§ **PROBLEM**:
Search the entries for the word "tema". Copy every line that holds it.

*** INPUT MATERIAL ***

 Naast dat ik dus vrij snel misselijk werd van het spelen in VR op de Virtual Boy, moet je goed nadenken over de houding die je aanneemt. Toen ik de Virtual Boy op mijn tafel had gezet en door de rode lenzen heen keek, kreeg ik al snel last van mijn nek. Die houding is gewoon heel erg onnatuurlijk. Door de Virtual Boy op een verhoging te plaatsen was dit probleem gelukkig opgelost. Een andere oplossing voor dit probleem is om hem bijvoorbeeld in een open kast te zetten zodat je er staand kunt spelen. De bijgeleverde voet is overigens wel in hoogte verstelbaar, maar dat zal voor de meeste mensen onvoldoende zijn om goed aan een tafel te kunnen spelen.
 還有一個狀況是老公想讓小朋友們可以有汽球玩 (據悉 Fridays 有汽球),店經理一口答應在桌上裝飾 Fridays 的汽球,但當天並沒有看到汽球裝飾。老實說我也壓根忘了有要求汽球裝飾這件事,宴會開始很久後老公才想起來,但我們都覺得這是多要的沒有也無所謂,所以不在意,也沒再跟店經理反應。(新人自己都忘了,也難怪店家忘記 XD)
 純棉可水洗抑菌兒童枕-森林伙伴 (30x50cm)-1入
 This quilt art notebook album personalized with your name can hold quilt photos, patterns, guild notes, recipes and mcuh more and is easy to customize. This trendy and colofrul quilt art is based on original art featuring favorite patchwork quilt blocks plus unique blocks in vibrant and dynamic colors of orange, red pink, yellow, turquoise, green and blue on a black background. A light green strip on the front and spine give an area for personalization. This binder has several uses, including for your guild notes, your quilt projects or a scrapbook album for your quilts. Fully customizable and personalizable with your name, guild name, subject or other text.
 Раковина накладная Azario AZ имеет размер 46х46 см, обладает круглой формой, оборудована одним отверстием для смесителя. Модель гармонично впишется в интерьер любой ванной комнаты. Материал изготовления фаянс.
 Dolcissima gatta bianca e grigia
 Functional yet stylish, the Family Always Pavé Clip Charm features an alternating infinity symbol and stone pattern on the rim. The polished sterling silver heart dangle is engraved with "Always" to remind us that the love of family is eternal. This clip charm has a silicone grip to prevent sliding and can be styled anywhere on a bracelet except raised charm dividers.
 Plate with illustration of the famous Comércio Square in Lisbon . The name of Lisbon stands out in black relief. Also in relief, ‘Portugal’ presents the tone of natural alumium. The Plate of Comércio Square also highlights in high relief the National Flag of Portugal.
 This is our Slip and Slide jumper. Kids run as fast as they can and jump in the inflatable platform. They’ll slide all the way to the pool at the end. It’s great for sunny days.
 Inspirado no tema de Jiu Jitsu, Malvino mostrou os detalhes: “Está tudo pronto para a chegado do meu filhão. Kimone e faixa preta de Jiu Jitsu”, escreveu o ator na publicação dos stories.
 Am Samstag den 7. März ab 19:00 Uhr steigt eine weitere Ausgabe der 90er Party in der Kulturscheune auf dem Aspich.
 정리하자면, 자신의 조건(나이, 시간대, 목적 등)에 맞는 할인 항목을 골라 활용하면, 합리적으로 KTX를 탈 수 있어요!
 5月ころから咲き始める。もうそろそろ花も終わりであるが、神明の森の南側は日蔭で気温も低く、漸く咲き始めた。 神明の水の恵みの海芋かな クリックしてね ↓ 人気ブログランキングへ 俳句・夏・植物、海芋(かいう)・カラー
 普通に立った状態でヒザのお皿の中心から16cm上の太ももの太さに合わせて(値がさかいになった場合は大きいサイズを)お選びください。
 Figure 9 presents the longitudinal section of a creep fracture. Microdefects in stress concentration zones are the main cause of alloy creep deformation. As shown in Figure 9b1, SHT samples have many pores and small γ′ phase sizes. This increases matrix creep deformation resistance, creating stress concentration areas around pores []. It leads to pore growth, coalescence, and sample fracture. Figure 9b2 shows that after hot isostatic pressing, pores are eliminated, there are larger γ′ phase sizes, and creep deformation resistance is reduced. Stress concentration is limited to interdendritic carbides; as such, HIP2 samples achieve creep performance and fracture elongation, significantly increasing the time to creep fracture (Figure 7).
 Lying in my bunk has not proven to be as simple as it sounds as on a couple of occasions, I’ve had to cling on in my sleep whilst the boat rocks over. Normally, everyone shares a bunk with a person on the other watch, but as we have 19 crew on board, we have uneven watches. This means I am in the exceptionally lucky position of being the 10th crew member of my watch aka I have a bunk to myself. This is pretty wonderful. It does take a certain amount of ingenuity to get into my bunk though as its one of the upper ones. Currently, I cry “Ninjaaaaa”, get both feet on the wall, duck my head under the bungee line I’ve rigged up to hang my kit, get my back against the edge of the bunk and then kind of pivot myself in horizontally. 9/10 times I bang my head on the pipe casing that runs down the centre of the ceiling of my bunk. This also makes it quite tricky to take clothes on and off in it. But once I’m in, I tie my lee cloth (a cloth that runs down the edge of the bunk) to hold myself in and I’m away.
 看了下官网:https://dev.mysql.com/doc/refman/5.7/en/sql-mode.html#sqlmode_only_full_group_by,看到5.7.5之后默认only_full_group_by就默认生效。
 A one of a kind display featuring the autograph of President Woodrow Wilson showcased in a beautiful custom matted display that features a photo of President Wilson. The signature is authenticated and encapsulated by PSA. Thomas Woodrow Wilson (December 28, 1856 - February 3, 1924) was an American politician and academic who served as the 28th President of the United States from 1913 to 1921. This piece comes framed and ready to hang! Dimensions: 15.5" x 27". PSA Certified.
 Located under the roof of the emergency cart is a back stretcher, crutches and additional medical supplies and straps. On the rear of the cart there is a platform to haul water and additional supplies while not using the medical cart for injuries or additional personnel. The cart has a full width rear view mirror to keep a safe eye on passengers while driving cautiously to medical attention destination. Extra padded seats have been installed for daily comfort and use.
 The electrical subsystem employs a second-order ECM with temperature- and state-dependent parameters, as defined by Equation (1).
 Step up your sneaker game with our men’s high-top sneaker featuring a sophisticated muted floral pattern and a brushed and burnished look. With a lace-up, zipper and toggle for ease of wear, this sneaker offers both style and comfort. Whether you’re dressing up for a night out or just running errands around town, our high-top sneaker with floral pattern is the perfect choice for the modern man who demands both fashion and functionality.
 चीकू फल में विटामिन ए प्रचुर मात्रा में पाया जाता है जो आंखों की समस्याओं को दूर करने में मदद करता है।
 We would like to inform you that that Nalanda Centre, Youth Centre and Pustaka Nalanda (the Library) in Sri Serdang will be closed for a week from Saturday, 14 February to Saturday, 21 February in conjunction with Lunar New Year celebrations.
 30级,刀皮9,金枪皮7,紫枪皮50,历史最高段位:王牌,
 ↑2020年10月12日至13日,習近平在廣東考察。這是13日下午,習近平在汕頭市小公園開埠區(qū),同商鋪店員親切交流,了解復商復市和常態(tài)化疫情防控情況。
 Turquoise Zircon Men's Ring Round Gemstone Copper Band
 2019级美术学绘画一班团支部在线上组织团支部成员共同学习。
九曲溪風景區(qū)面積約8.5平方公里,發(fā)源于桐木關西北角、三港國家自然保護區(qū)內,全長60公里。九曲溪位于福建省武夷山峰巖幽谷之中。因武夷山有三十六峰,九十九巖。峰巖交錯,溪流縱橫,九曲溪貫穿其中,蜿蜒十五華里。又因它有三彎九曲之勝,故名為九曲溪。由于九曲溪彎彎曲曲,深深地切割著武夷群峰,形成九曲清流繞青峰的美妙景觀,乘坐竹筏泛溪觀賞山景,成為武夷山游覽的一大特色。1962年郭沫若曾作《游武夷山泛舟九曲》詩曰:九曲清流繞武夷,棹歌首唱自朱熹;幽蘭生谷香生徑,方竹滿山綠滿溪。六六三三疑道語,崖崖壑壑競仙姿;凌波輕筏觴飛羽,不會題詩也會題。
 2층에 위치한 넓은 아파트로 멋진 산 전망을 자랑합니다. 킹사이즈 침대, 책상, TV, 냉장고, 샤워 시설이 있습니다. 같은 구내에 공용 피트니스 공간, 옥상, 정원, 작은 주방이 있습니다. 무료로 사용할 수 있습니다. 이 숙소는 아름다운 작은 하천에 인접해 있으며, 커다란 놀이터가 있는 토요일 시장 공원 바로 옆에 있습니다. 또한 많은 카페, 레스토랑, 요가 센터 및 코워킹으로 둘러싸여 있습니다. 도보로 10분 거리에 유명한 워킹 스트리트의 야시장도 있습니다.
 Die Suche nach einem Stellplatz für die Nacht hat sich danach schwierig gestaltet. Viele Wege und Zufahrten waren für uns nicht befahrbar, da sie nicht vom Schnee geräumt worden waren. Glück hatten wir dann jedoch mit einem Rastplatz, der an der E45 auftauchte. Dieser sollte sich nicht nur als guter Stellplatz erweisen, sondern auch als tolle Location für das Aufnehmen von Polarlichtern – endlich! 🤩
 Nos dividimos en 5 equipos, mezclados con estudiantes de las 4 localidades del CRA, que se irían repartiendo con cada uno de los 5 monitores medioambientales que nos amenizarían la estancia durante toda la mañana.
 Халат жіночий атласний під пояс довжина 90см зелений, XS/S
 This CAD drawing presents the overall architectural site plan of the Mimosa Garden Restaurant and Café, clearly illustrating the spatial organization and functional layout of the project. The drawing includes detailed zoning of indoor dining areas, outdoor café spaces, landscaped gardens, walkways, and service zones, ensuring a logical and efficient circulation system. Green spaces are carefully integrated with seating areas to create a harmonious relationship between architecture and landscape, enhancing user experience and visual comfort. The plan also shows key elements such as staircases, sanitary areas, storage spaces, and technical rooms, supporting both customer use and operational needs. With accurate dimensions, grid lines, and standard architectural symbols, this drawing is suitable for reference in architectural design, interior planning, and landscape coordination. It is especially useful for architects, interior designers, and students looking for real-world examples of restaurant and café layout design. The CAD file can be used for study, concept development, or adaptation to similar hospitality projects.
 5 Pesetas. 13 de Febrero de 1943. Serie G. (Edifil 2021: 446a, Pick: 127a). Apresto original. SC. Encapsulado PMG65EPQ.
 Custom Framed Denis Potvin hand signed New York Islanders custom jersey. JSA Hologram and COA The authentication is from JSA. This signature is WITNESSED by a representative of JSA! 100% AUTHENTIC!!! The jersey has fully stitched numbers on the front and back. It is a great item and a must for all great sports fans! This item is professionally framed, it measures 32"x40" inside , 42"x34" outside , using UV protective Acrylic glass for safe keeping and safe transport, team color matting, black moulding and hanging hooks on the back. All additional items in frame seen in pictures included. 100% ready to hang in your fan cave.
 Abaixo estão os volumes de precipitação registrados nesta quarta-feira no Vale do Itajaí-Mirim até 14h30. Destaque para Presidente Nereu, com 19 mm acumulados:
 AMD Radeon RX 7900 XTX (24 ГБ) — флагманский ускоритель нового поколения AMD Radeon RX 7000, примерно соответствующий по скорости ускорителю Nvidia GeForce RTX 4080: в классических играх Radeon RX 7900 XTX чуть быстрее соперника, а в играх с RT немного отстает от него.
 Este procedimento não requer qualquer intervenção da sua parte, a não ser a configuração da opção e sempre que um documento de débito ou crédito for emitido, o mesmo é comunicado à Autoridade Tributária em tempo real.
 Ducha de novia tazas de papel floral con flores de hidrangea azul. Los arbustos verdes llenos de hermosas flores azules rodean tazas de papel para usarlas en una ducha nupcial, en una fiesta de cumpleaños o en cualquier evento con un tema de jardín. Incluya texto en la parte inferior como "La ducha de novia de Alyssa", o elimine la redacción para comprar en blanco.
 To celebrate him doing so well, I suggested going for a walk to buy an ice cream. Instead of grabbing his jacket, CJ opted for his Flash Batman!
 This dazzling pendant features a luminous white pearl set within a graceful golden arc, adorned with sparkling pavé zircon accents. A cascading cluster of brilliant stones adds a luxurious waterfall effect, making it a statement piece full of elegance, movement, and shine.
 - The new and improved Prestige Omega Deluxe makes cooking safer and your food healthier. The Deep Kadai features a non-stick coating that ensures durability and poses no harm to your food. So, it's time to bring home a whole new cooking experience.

*** End of INPUT MATERIAL ***

§ **RESPONSE BOX**:
 Inspirado no tema de Jiu Jitsu, Malvino mostrou os detalhes: “Está tudo pronto para a chegado do meu filhão. Kimone e faixa preta de Jiu Jitsu”, escreveu o ator na publicação dos stories.
 Ducha de novia tazas de papel floral con flores de hidrangea azul. Los arbustos verdes llenos de hermosas flores azules rodean tazas de papel para usarlas en una ducha nupcial, en una fiesta de cumpleaños o en cualquier evento con un tema de jardín. Incluya texto en la parte inferior como "La ducha de novia de Alyssa", o elimine la redacción para comprar en blanco.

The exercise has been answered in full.